Approximately two weeks ago I was issued with a penalty ticket for travelling from Martin's Heron to Maidenhead as part of my regular off-peak commute. On this day I couldn't get a ticket at MH despite there being a ticket machine on both sides (both queued) and the station having an open office (again, queued). I had about 4-5 minutes to wait and the train arrived before I got a chance to get my usual £8 return.

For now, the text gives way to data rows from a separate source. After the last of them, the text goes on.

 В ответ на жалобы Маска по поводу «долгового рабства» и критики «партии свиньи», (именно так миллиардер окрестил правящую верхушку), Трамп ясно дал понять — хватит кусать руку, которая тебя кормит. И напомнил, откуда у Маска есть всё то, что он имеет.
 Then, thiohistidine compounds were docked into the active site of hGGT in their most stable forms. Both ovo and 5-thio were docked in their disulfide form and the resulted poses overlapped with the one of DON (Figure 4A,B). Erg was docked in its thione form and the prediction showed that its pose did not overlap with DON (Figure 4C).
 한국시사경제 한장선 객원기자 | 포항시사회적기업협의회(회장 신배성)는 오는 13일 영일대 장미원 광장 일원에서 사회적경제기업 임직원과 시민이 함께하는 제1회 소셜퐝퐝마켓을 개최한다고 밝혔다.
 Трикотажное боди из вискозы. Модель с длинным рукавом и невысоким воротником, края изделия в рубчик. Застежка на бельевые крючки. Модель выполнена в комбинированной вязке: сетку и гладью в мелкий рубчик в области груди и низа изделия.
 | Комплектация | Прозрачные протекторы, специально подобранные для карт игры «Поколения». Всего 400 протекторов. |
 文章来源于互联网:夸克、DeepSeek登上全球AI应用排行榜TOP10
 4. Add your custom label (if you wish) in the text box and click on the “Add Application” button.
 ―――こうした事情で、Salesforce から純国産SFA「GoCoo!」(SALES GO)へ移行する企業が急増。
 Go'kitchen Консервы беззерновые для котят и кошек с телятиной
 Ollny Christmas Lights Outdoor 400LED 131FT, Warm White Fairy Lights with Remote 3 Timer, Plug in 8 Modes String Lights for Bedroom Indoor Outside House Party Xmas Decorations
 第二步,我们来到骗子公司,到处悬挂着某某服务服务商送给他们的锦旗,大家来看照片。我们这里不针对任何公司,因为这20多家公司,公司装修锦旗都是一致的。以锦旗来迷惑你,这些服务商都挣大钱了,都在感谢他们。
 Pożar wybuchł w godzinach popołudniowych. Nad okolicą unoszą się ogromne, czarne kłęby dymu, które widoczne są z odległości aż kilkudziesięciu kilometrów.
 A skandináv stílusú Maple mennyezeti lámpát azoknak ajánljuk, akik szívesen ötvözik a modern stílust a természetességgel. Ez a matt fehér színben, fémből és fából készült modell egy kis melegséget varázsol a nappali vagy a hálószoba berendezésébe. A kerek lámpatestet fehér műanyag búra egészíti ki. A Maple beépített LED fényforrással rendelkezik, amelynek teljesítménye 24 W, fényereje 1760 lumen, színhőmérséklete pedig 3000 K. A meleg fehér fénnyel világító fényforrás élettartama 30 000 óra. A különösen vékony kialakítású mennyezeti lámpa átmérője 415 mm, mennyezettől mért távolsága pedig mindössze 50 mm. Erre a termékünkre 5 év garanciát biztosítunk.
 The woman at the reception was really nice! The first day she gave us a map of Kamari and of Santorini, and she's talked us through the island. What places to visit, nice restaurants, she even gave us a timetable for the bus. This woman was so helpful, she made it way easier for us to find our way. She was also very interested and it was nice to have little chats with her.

So, I boarded the train and figured I'd just do what I normally do in this reasonably uncommon situation and buy the return at the Reading Excess Fares office. They've never issued a penalty in this case and are very efficient. Except for this time.

 

Long story short, £20.00 penalty fare for travelling from MH to Reading without a ticket. I didn't pay anything at the time, and sent a letter of appeal to IAS describing:

-My inability to purchase a ticket

-No-one on the train to purchase the ticket from

-My total intention to buy a ticket, as opposed to intention to evade

-Fairly bad discretion on the part of the South West Trains collector

 

The appeal was rejected. I'm very much up for fighting this on principle, however I'd like to get your collected opinions. Do I have a case against the penalty fare here? Should I just shut up and pay the penalty? I'm in the process of getting a legal opinion from my parents' lawyers, for reference.

 

Any and all advice appreciated, thanks.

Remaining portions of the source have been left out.